A discretized deformation gradient tensor, F, was determined from the discrete parametrization by the method of Gullett et al. (2007) and Zimmerman et al. (2009). Briefly, the discrete deformation gradient tensor was defined by minimizing the error between clusters of L points weighted by a cubic spline function. In the case of this analysis, there are N deformed states (different time points) and M points that parametrize the edge, which is being analyzed. Therefore, there are a total of M(N − 1) deformation gradient tensors F_iR. As a result, the F_iR is a function of the initial position X_R = (X₁, X₂) from a Lagrangian perspective.

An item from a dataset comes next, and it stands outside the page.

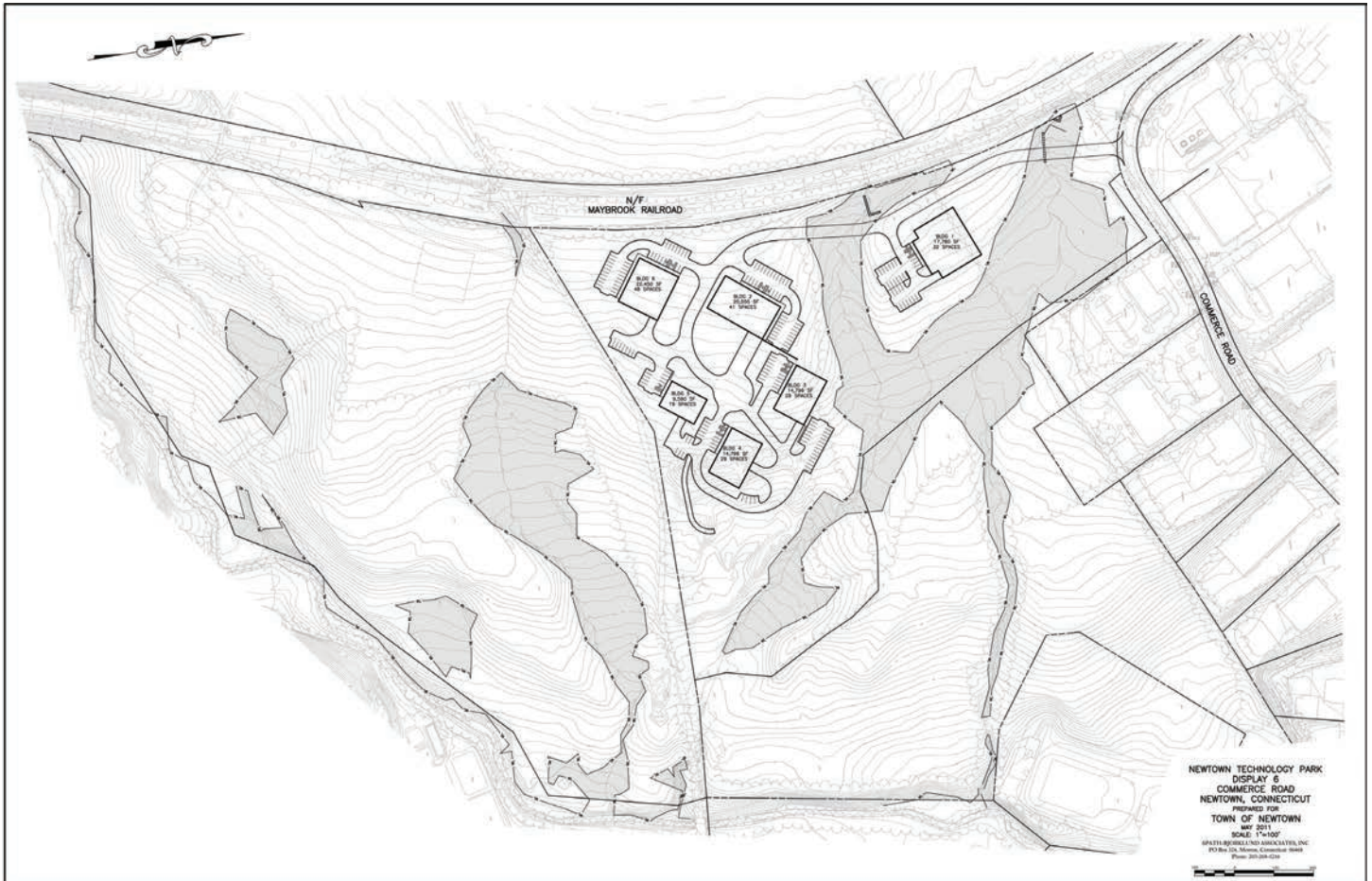
Site Concept Plan

The Town of Newtown is the owner of this beautiful 23 acre development parcel. The Economic Development Commission is seeking to have the site transformed into a thriving technology-based campus. Located immediately off Exit 10 of I-84 in Newtown, Connecticut the Town of Newtown is offering the land for sale or lease. Incentives are available from the Town of Newtown. Utilities are in place on Commerce Road. The site development concept has been approved by the Newtown Inland Wetlands Commission.

$\begin{array}{ll}{F}_{iR}=F_{iR}(X_1,X_2)& (2.12)\end{array}$

The deformation gradient tensor is therefore numerically determined between deformed states. Instead of referencing the deformation relative to the initial position, an updated Lagrangian methodology will be used, such that the deformation gradient tensor for all the points in a single frame, F_iR = F_iR(X₁, X₂), is a function of the previous frame. Mathematically, for the Nth frame, this is written as:

$\begin{array}{ll}{F}_{iR}^N=f(F_{iR}^{N-1})& (2.13)\end{array}$

Let the coordinate system of the (N − 1)th frame be denoted as: $X_R^{N-1}=(X_1^{N-1},X_2^{N-1})$. The deformation gradient tensor of the Nth frame is therefore a function of the coordinate system of the (N − 1)th frame:

$\begin{array}{ll}{F}_{iR}^N=F_{iR}^N(X_1^{N-1},X_2^{N-1})& (2.14)\end{array}$

Using the formulation defined by Gullett et al., a discrete deformation gradient tensor F_iR can be defined. The discrete deformation gradient tensor can be defined by minimizing the error in the mapping between clusters of L points. Let ΔX^il represent the change in the vector $\overrightarrow{X}$ in the ith point in the jth frame relative to the lth point in the cluster of L points of the undeformed state, and Δx^il represent the change in the vector $\overrightarrow{x}$ in the ith point in the jth frame relative to the lth point in the cluster of L points of the deformed state. The discretized deformation gradient tensor $\widehat{F_{iR}}$ can be calculated as:

$\begin{array}{ll}\widehat{F_{ab}}{\displaystyle \sum _M}\Delta X_b^{il}\Delta X_j^{il}{w}_M={\displaystyle \sum _M}\Delta x_a^{il}\Delta X_j^{il}{w}_M& (2.15)\end{array}$

In matrix notation, this is:

$\begin{array}{ll}\widehat{\text{F}}{\displaystyle \sum _M}\Delta X^{il}\Delta X^{i{l}^T}{w}_M={\displaystyle \sum _M}\Delta x^{il}\Delta X^{i{l}^T}{w}_M& (2.16)\end{array}$

Therefore, the deformation gradient tensor, $\widehat{F}$ is:

$\begin{array}{ll}\widehat{\text{F}}=A{D}^{-1}& (2.17)\end{array}$

where

$\begin{array}{ll}A={\displaystyle \sum _M}\Delta x^{il}\Delta X^{i{l}^T}{w}_M& (2.18)\end{array}$

and

$\begin{array}{ll}D={\displaystyle \sum _M}\Delta X^{il}\Delta X^{i{l}^T}{w}_M& (2.19)\end{array}$

where w_M is a weighting function for all M points, giving more weight to the ith point in the cluster of L points. A cubic spline was used for the weighting function w(r):

$\begin{array}{ll}w(r)=\{\begin{array}{cc}1-6r^2+6r^3\hfill & r\le \frac{1}{2}\hfill \\ 2-6r+6r^2-2r^3\hfill & \frac{1}{2}<r<1.0\hfill \\ 0\hfill & r\ge 1.0\hfill \end{array}\hfill & (2.20)\end{array}$

where r is the adjusted radius of the cluster defined as:

$\begin{array}{ll}r=\frac{r_{gl}-r_{g1}}{r_{cut}}& (2.21)\end{array}$

where r_g1 and r_gl are the distances between the current point and the first and lth points respectively, and r_cut is the cutoff radius, which is the maximum distance between the reference point and any point in the cluster. A large cutoff radius was utilized to account for membrane treadmilling during erythrocyte deformation. Furthermore, to account for discontinuities from image processing at horizontal and vertical edges, posts near this vicinity were ignored.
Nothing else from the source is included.